The Fourth Circuit stated with regard to similar loop debt, it is “difficult to see how the “interest” [] paid could represent “compensation for the use or forbearance of money.”” BB&T, 523 F.3d at 476 (citing Halle, 83 F.3d at 652). The district court in AWG reached the same conclusion, finding that the “loans at issue lack any substantive business purpose other than creating this “loop debt” between the Plaintiffs, AWG, and the German banks to generate tax benefits for the Plaintiffs.” AWG, 592 F.Supp.2d at 993. In Belgacom, ABN AMRO acknowledged that, while the “cash flow is circular,” there is a “tax benefit” to the purported borrower. (DX12 at 1120.)
Except for Consolidated Edison, all of the SILO and LILO transaction cases that have considered a tax deduction for loop debt interest have denied the claim. BB&T, 523 F.3d at 475–77; AWG, 592 F.Supp.2d at 990–94; Fifth Third, No. 1:05-cv-350 (S.D. Ohio, April 18, 2008) (jury verdict); Altria, No. 1:06-cv-09430 (S.D.N.Y. July 9, 2009) (jury verdict); see also, Hines v.
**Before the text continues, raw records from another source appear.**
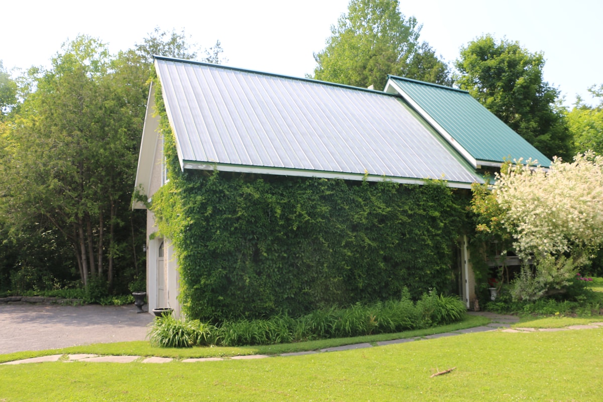 Note: discounts for two nights +! Tree bathing has never been this cozy! The coach house is a luxurious studio apartment (above our garage) in quiet and secluded rural setting. 10 minutes to Almonte or Carp, and 15 from Kanata. Fully furnished, with all utilities including parking, wifi, dishwasher and laundry. Sleeps 4: one full bed and one pull-out queen. The perfect spot for a weekend getaway, or to get some work done, while enjoying the peace of the woodlands, bird song, and our gardens.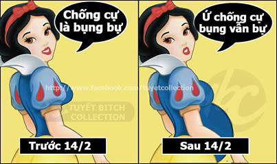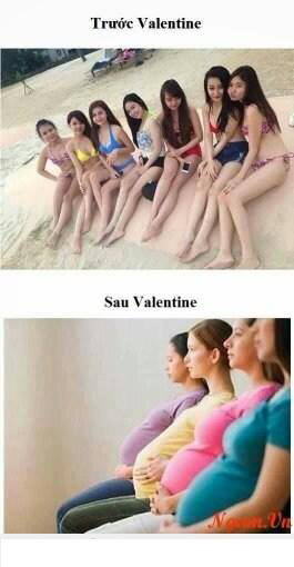 Nhiều bức ảnh chế đã chỉ ra, những bạn trai đang yêu qua Valentine sẽ nhẵn túi và trông xác xơ như gà trống rụng lông. Còn những bạn nữ, qua mùa yêu đương là nỗi lo… bụng to ra.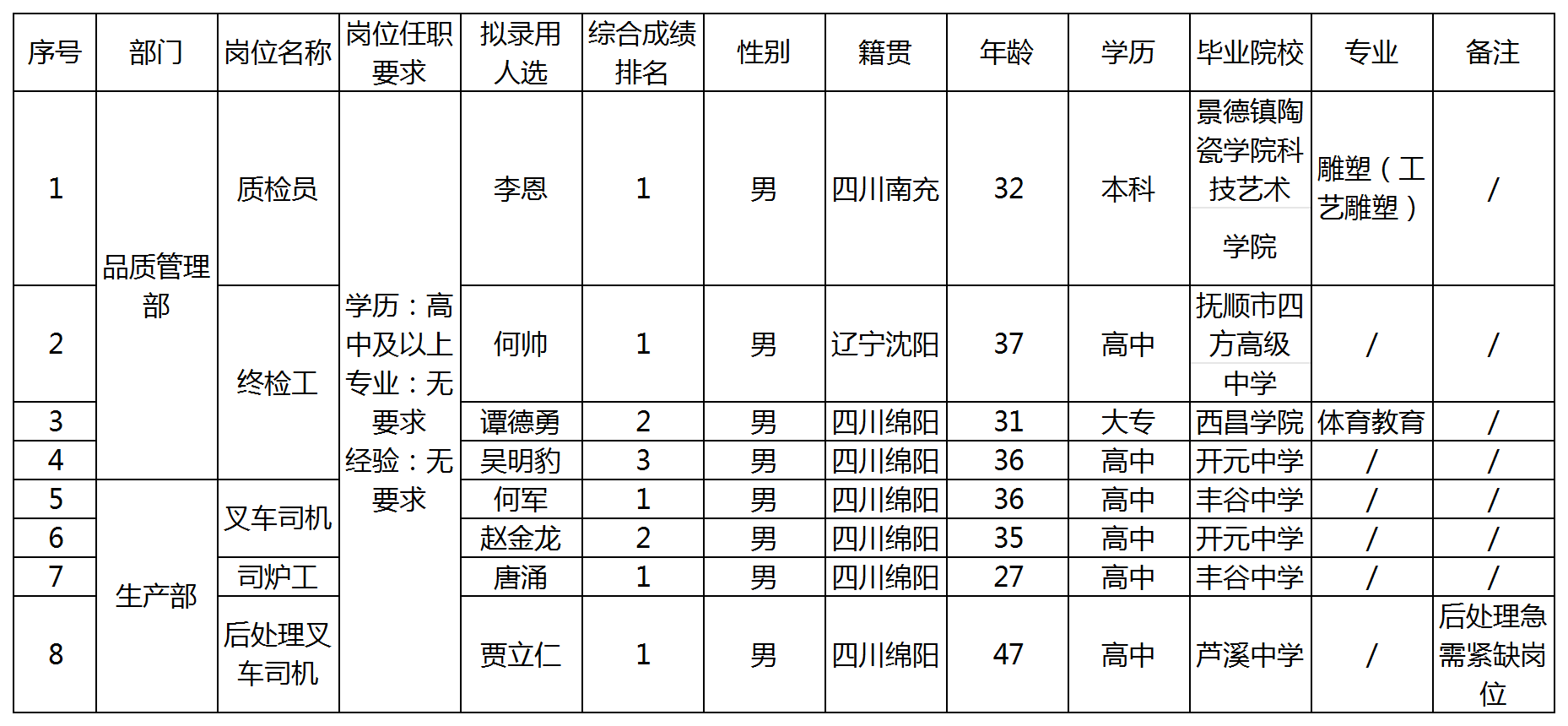 根據(jù)四川波鴻實業(yè)有限公司發(fā)布的招聘公告及招聘相關(guān)規(guī)定,經(jīng)面試,擬錄用以下人員到四川綿陽好圣汽車零部件制造有限公司一線工作,現(xiàn)予以公示,具體情況如下: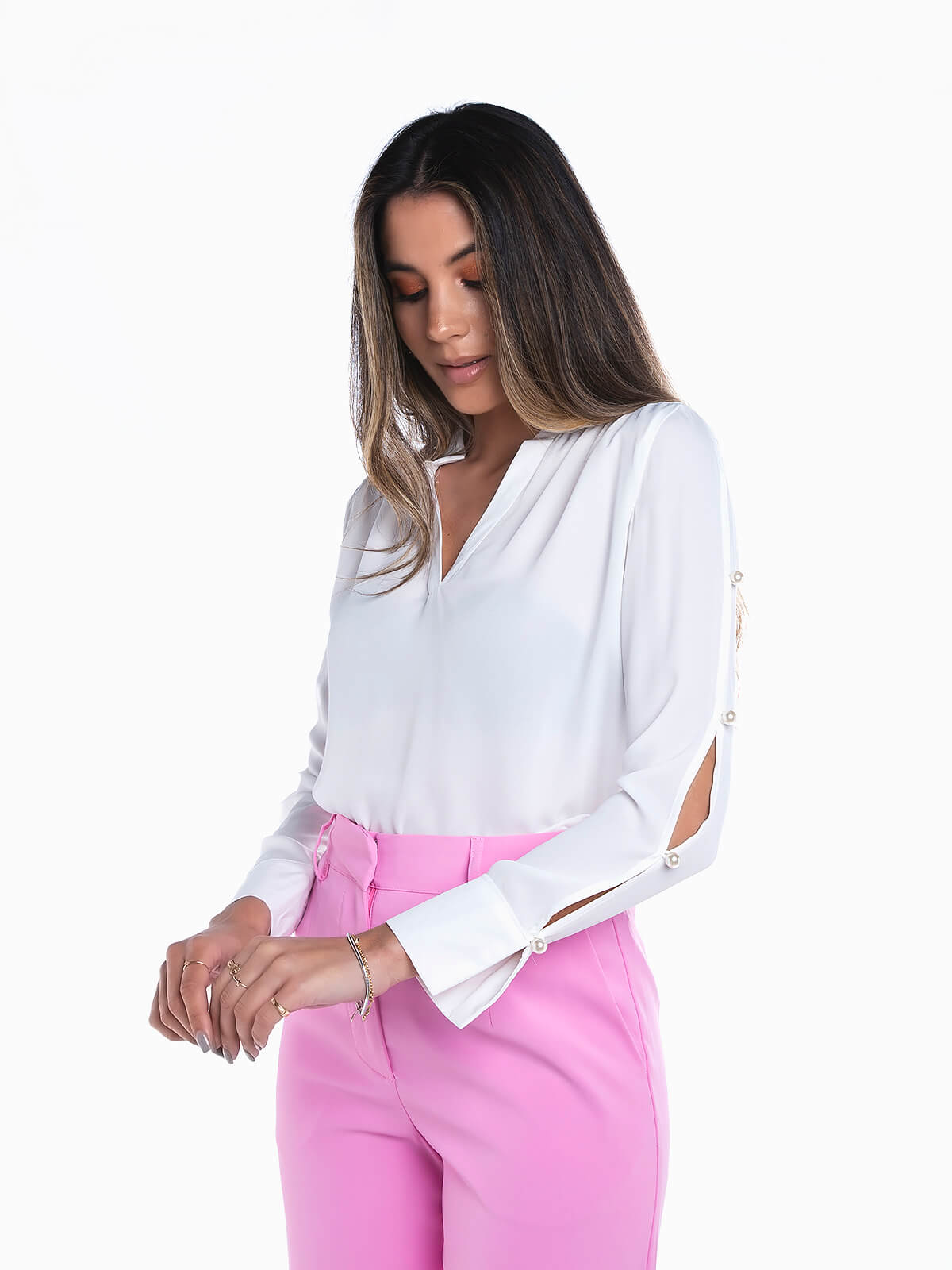 Blusa de manga comprida com botões de pérolas e pormenores abertos. Blusa em tecido fluído com transparência e decote em bico.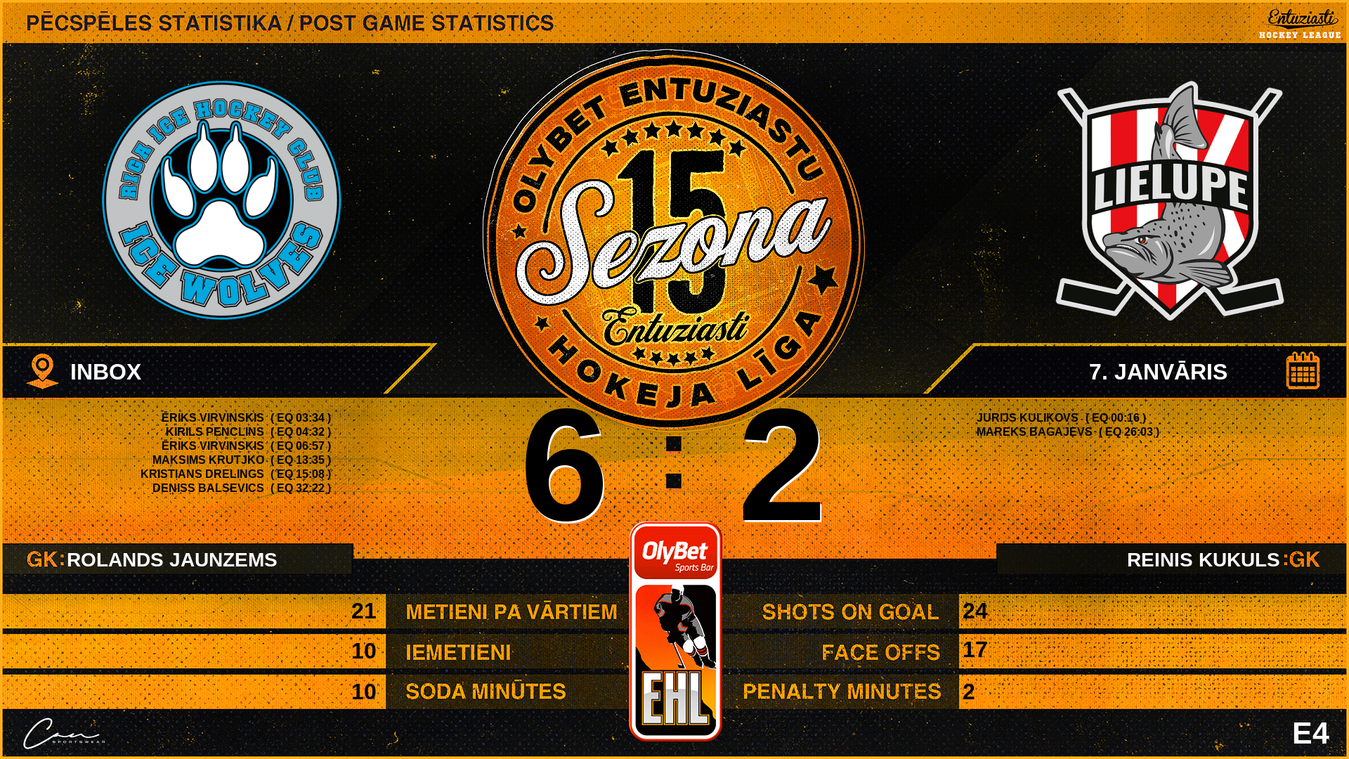 | 06:57 | WF2 | Vārti (EQ) | #28 Ēriks Virvinskis, piespēles: #62 Daniels Stepanovs |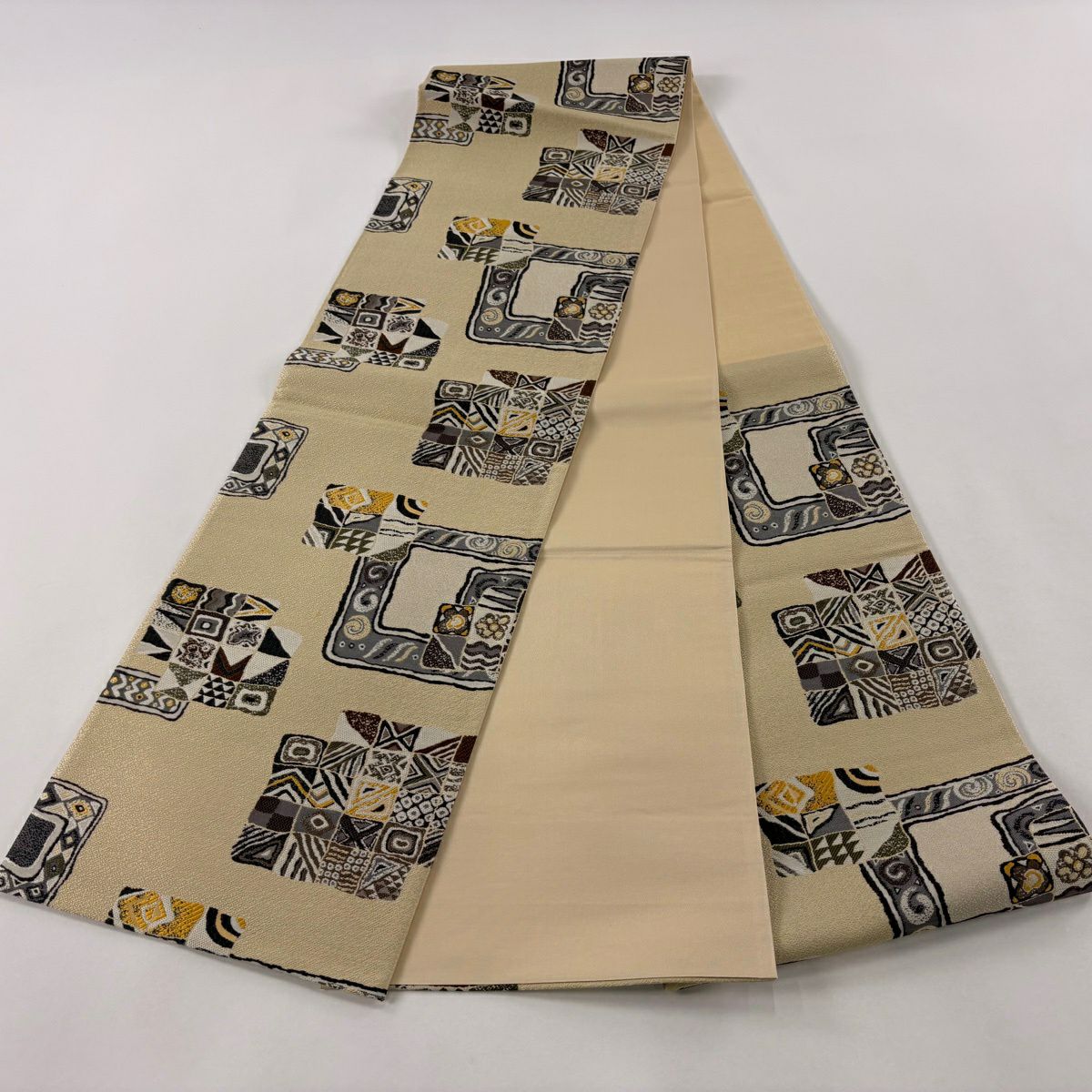 【美品】 袋帯 名品 リバーシブル よろけ縞 薄黄土色 全通 正絹

United States, 912 F.2d 736, 741 [66 AFTR 2d 90-5483] (4th Cir. 1990) (interest expense in sale/leaseback disallowed where “the lease and debt payments between the three parties [lessor, bank, lessee] were structured to be offsetting. The circularity meant that the transaction became self-sustaining after the payments at closing with virtually no further financial input necessary from any of the parties.”); Flecyn v. United States, 691 F.Supp. 205, 212 [62 AFTR 2d 88-5026] (C.D.Cal. 1988) (interest deductions disallowed because the loan and interest payments “were simply parts of a circularization of funds.”). The Court agrees that Wells Fargo is not entitled to an interest deduction attributable to the loop debt on the non-recourse loan.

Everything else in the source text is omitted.